# Other Aquarium Forums > Marine Tanks >  buying corals in singapore

## Quasimodo

Hi, I'm going to visit Singapore next week and would like to buy some fish and soft corals. is there a market ( like thailand's Jatujak) or a street where there are lots of marine shops?

Thanks Siddharth.

----------


## teebs

You could go to the coral farms at Pasir Ris Farmway, Golden Octopus at Upper Serangoon, Reborn at Lavender etc.

----------


## Quasimodo

thanks a lot Teebs. One last question.

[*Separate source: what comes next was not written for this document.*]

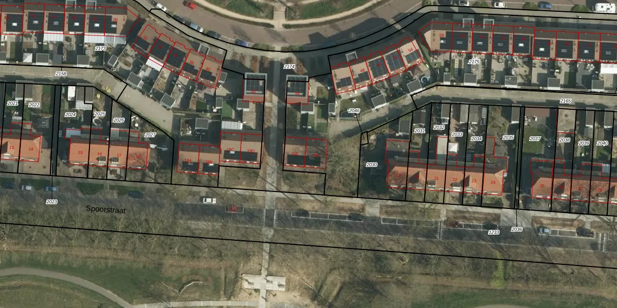 Het perceel waarop Spoorstraat 18-F staat heeft een oppervlakte van 4007 m². Dit is een zeer groot perceel. De perceeloppervlakte wordt geregistreerd door het Kadaster. Gedetailleerde informatie over de maten van dit perceel kunt u vinden in het rapport Kadastrale kaart met maatvoering van Spoorstraat 18-F.

Would you happen to know how much corals (like clove, hammer, torch, green stars) approximately cost in Singapore?

Thanks Siddharth.

----------


## Fuzzy

for the cheaper hammers, cloves, Green star polyps you can get them as low as SGD$10 - 15 for frags the size of a fist.

Premium coral like some florida ricordia, acans or some SPS can go as high as several hundred dollars per polyp or for a small colony.

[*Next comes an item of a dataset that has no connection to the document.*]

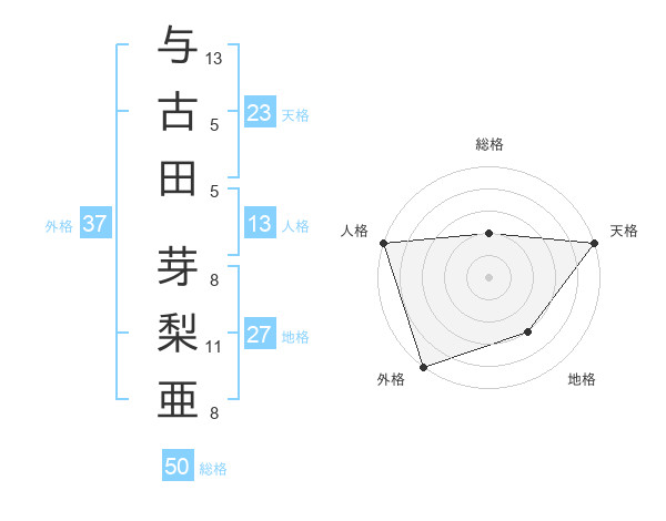 与古田 芽梨亜さんを姓名の画数から五運を鑑定

Good places to visit are Coral Farm, Reborn, Golden Octopus.

There is no one place where there are a high concentration of shops unfortunately, but Singapore is also pretty small, and the shops are at the most 30 - 45 minutes apart by taxi.

----------


## Quasimodo

Great, thanks Fuzzy.

----------


## snowy85

Irwan for premium SPS! but u gotta wait for shipments.
Jireh also not too bad.

----------